Patients still present with drug-eluting stent (DES) failure despite an angiographically successful implantation. The aim of the present study was to investigate the relation between the fractional flow reserve (FFR) measured after DES implantation and the clinical outcomes at 1 year. A total of 80 patients (mean age 62 years, 74% men, 99 DESs) underwent coronary pressure measurement at maximum hyperemia after successful DES implantation. The composite of major adverse cardiac events (MACE), including death, myocardial infarction, and ischemia-driven target vessel revascularization was evaluated at 1 year. The patients were divided into 2 groups (low-FFR group, FFR ≤0.90 and high-FFR group, FFR >0.90) according to the median FFR. The mean poststent percent diameter stenosis was 11 ± 5% in the low-FFR group and 12 ± 3% in the high-FFR group (p = 0.31). Left anterior descending coronary artery lesions were more frequent in the low-FFR group than in the high-FFR group (82% vs 55%, p = 0.02). The mean stent length was greater in the low-FFR group than in the high-FFR group (38 ± 18 vs 28 ± 13 mm, p = 0.01). Six cases (7.5%) of MACE occurred during the 1-year follow-up. The rate of MACE was 12.5% in the low-FFR group and 2.5% in the high-FFR group (p <0.01). Receiver operating characteristic curves revealed 0.90 as the best cutoff of FFR after DES implantation for the prediction of 1-year MACE. In conclusion, a poststent FFR of ≤0.90 correlated with a greater adverse event rate at 1 year.

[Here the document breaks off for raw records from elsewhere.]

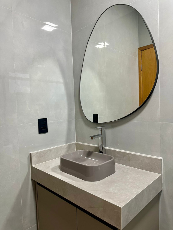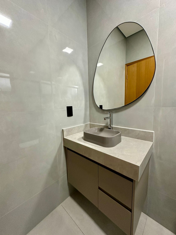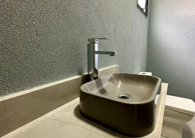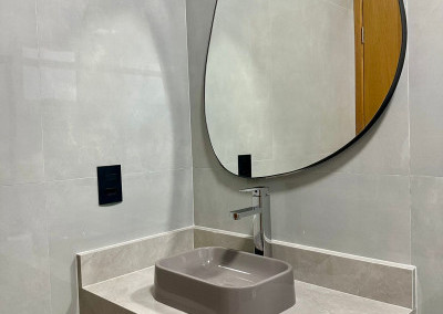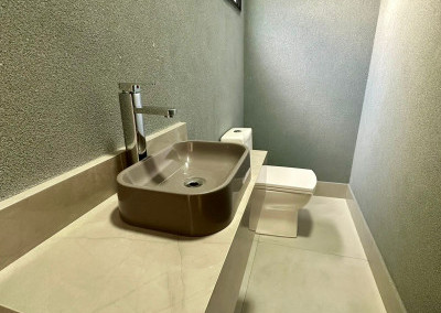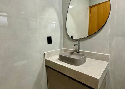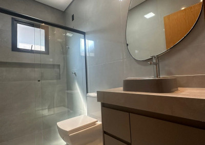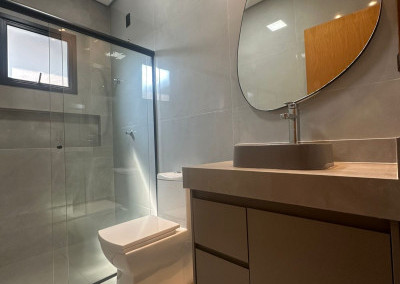 2 banheiros (social e da suíte) com box, pias com gabinete planejado e espelhos
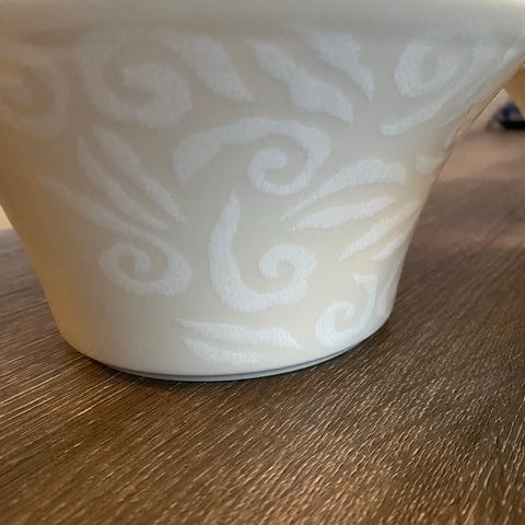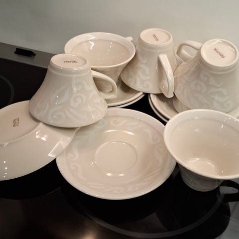 Myynnissä 8 kpl Pentikin vanilja teemaisia kahvikuppeja ja lautasia sekä 1 kermakko
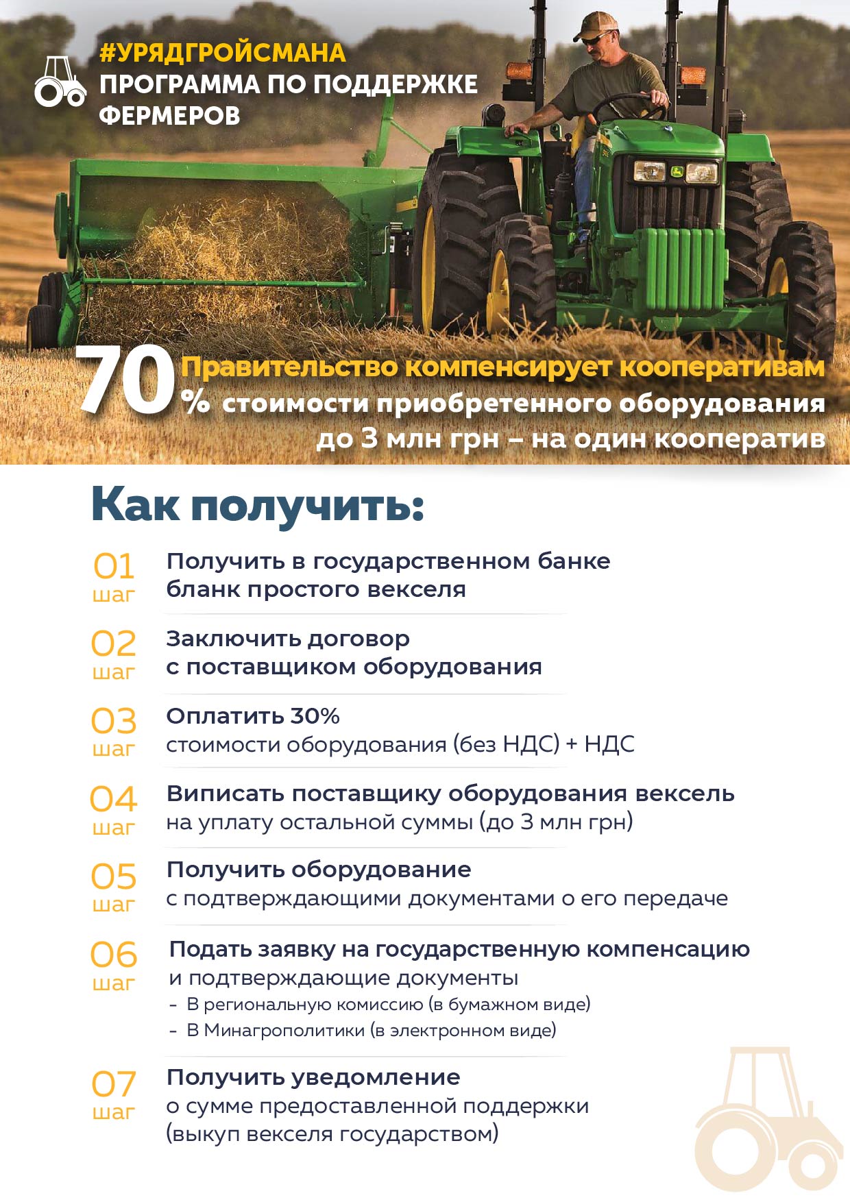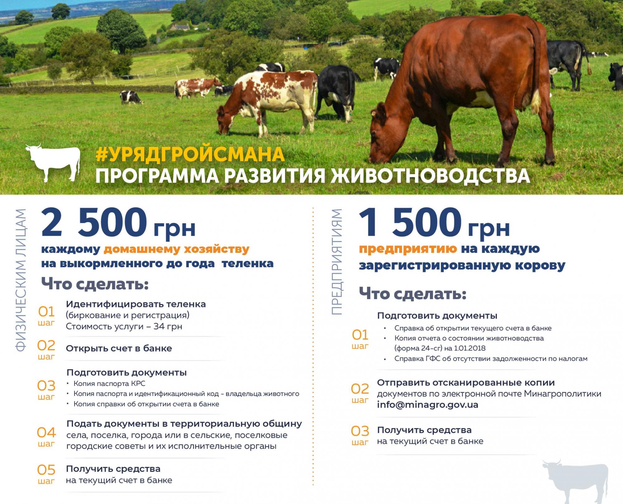 Государственная поддержка уже не зависит от объёмов производства – её могут получить и мелкие фермеры, и домашние хозяйства. В частности, с этого года частники смогут получить от государства помощь на содержание молодняка крупного рогатого скота – 2 500 грн за каждого выращенного до года телёнка. Фермерам государство готово помогать в приобретении сельскохозяйственной техники и семян, реконструкции животноводческих комплексов, выплате кредитов, привлечённых под развитие производства и т. п..
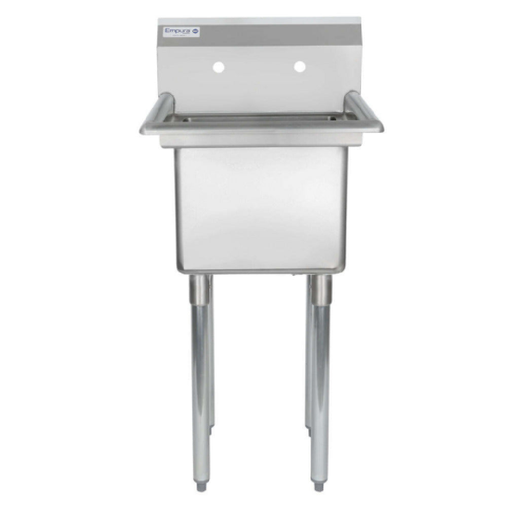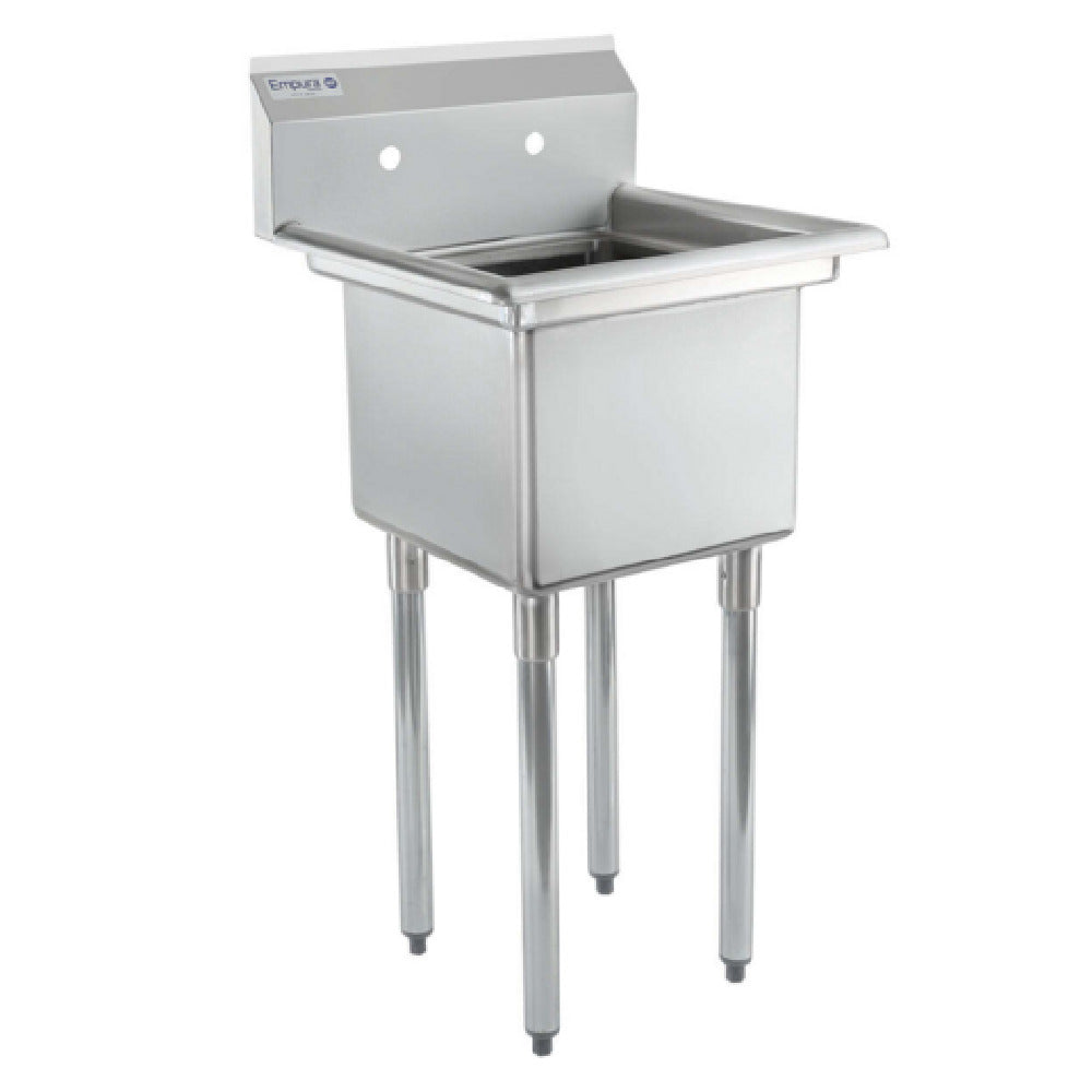 Empura, ESD11515, Sink, 23"W x 20.5"D x 44.25"H, (1) compartment, standard duty, 18 gauge 304 stainless steel, 4" galvanized legs, plastic adjustable feet, no drainboards, (1) bowl 15"L x 15"W x 12"D, 9.75" back splash, NSF, Empura Stainless

The limitations in the diagnostic accuracy of coronary angiography and in the clinical efficacy of drug-eluting stents (DESs) underscore the relevance of adjunctive techniques to more accurately evaluate the success of percutaneous coronary intervention (PCI) with DESs. Several studies have demonstrated that coronary pressure measurement has a good correlation with intravascular ultrasound findings in the evaluation of the success of PCI, thereby informing optimal stent deployment. The fractional flow reserve (FFR) can identify a residual hyperemic pressure gradient that results in abnormal resistance across both the stented and the adjacent segments. Although the FFR measured after bare metal stent implantation correlated with the 6-month clinical outcomes in a previous study, it is unknown whether the same applies to DES implantation. The aim of the present study was to investigate the relation between optimal physiologic DES implantation assessed by the poststent FFR and the outcomes at 1 year.
Methods
The study population consisted of 80 patients who underwent FFR measurement immediately after angiographically successful PCI with DES implantation in de novo coronary lesions. The angiographic success of PCI was defined as residual stenosis <20% by visual assessment with Thrombolysis In Myocardial Infarction grade 3 coronary flow and FFR ≥0.80. The patients were not eligible for enrollment if they had undergone intervention in the setting of primary or emergent PCI for acute coronary syndrome, had undergone previous coronary artery bypass graft surgery, or had multiple significant lesions in the same epicardial artery, left main disease, primary myocardial disease, contraindications to adenosine, aspirin, or clopidogrel, or a major life-threatening illness. Implanted stents were commercially available DESs in all cases.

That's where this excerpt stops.